Everything must change. What had I ever done but drift? Now at last I would have purpose, order. Felix approved.
– That’s it, he said, be positive. What did I tell you? I knew we were alike all along.
Suddenly I had seen the error I had been making. I had mistaken pluralities for unities. For the world is like numbers, the things that happen in it are never so small they cannot be resolved into smaller things. How could I have lost sight of that? I rummaged through the recent past, looking for the patterns that I must have missed. But, as once with numbers, so now with events, when I dismantled them they became not simplified, but scattered, and the more I knew, the less I seemed to understand.
I threw myself into work at the white room with a new passion. What more likely place for the light of certainty to dawn? The professor flew into one of his sudden fits of irritation.
– What is exact in numbers, he said, except their own exactitude?
– No, I said, no, not the numbers themselves, but …
He folded his stubby arms and glared at me like a vexed owl. His right eye-socket was larger than the left, it always made him look as if he were wearing a monocle.
– Well? he said. What, tell me.
– I don’t know, I said. Something else.
He snorted.
– What else is there, but numbers?
The printer sprang into clattering life, he turned to it with a scowl. Leitch looked at me sidelong and sneered, slipping a piece of chocolate into that little pink prehensile mouth.

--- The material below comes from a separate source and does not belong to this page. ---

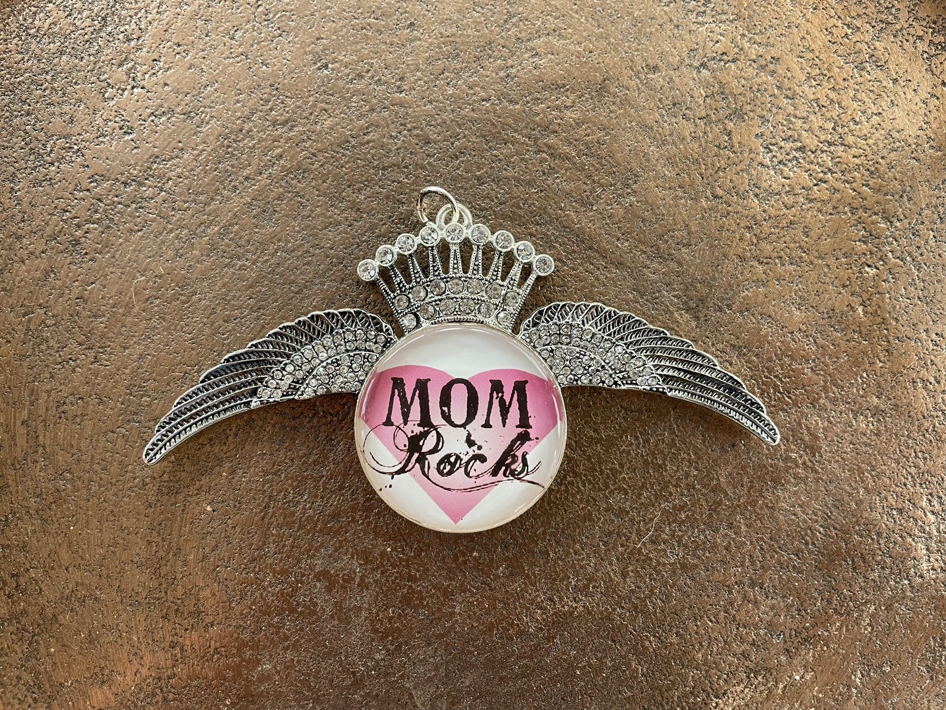 Mom Rocks necklace pendant has a bubble center with pink heart and “Mom Rocks” encapsulated in it. It has bedazzled wings and a crown to show how strong, independent, and fierce Mom really is. Would make a great gift for Mothers Day, Birthdays, Holidays, or for yourself to remind you how great you are at being a Mom. Pendant measures 2.5” tall from crown to emblem, and 4.5” wide from wing tip to wing tip. The pendant is heavy and would need to be added to a heavy necklace, or could be turned into a broach.

That was the night Miss Hackett came
to see us. She was a thin tall woman of middle age with a prominent sharp face and lacquered brass hair. She put her head around the door that led from the offices upstairs, with a smile that was at once both arch and roguish. Leitch, slumped at the console, sat upright hastily and stared at her. She came in and shut the door behind her and advanced on him purposefully, with a hand thrust out, still playfully smiling, her lips compressed, as if we were children and she had slipped into the nursery to bring us a treat. She wore a tweed business suit and a white blouse with ruffles at the throat. She had a mannish walk, her high heels coming down briskly on the floor in a series of sharp, smart blows. Leitch got to his feet, stuffing the empty wrapper from the chocolate bar into his pocket with surreptitious haste. She stopped in front of him with a snap.
– Mr Cossack, she said brilliantly. I’m Hackett. So pleased.
There was a smear of lipstick on one of her large front teeth. Leitch tittered in fright and put his hands behind his back.
– Oh! he said. No, I’m not …
A tiny flaw appeared in Miss Hackett’s smile, like a hairline crack in a china cup. She cast a questing glance about her. She had already taken me in, without quite looking directly at me. Professor Kosok came in from the lavatory in the corridor, still fumbling with his flies. For a moment he did not notice her. She waited, beaming, as he shuffled forward. When at last he saw her he stopped short, rearing back a little, his wide eye growing wider. She seized his hand and shook it violently once, as if she were cracking a whip. She seemed to think he must be deaf, for when she spoke she shouted.